This page tracks the working hypotheses that deserve repeated attention in the compact-LLM conceptual graph.
Current lane balance
The graph now has three especially important clusters:
- compression-aware robustness for closing the train-to-artifact gap
- shared-depth architectures for trading storage into reusable computation
- tokenizer, vocabulary, and LM-head efficiency for treating the output path as part of the budget
Evaluation-time compute remains a strategic overlay on top of compact recurrent designs rather than a fully separate world.
Current hypotheses
RMSNorm stabilized scaling
- Status: active / plausible
- Lane: Quantization and outliers
- Thesis: extra normalization before fragile projections reduces activation-scale volatility and improves post-roundtrip quality.
- Best companions: recursive width scaling, sparse outlier preservation
Sparse outlier preservation
- Status: active / unresolved but central
- Lane: Quantization and outliers
- Thesis: a tiny protected subset of sensitive parameters can buy much more quality than spending the same bytes uniformly.
- Best companions: RMSNorm stabilized scaling, output-head compression
Recursive width scaling
- Status: active / high-upside architecture bet
- Lane: Recursive and shared-parameter architectures
- Thesis: storing fewer unique blocks and using the savings for width or lightweight adaptation may dominate many-unique-layer baselines.
- Concrete descendants: Recurrent wide architecture, Phase-conditioned sharing
Recurrent wide architecture
- Status: active / concrete architecture sketch
- Lane: Recursive and shared-parameter architectures
- Thesis: one or a few wide shared blocks may use the artifact budget better than many thinner unique layers.

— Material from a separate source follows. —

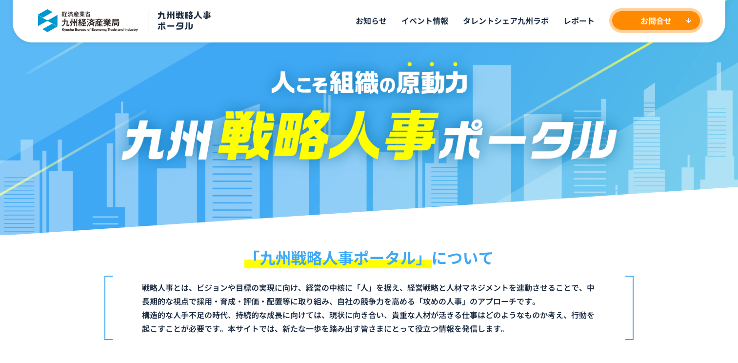 「九州戦略人事ポータル」では必要な人材像の明確化や職場環境改善等を通じた多様な人材の確保・活用を後押しするため、人材戦略の検討・策定・実行に資するセミナーやジョブマッチング等により一気通貫の支援を行います。
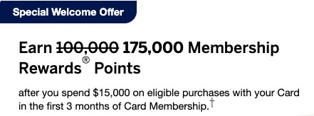 Meanwhile, the American Express® Business Gold Card is offering new applicants up to 175,000 MR points,† which is excellent relative to the card’s $375 annual fee.

- Best companions: RMSNorm stabilized scaling, sparse outlier preservation
Phase-conditioned sharing
- Status: active / conceptual bridge hypothesis
- Lane: Recursive and shared-parameter architectures
- Thesis: tiny per-depth conditioning may recover much of the specialization lost by strict sharing at far lower byte cost than fully unique layers.
- Best companions: Recursive width scaling, iterative refinement over stored depth
Output-head compression
- Status: active / underexplored
- Lane: Tokenizer and vocabulary efficiency
- Thesis: the LM head and vocabulary path may dominate the compact-model budget enough that compressing or restructuring them beats modest backbone tweaks.
- Best companions: sparse outlier preservation, iterative refinement over stored depth
Iterative refinement over stored depth
- Status: exploratory / strategically important
- Lane: Evaluation-time compute and inference scaling
- Thesis: a smaller recurrent model that spends bounded extra compute at evaluation may outperform a larger static artifact under the same storage cap.
- Best companions: Recurrent wide architecture, Phase-conditioned sharing
Near-term ranking by conceptual leverage
- RMSNorm stabilized scaling
- Sparse outlier preservation
- Recursive width scaling
- Output-head compression
- Phase-conditioned sharing
- Iterative refinement over stored depth
Cross-lane questions
- when does architecture beat compression-side robustness work?
- how often is the LM head the hidden bottleneck in a compact model?
- what is the cheapest form of specialization that keeps shared-depth models expressive?
- when does extra evaluation-time compute beat extra stored parameters?
- which improvements survive once the whole artifact, including vocab-dependent pieces, is compressed?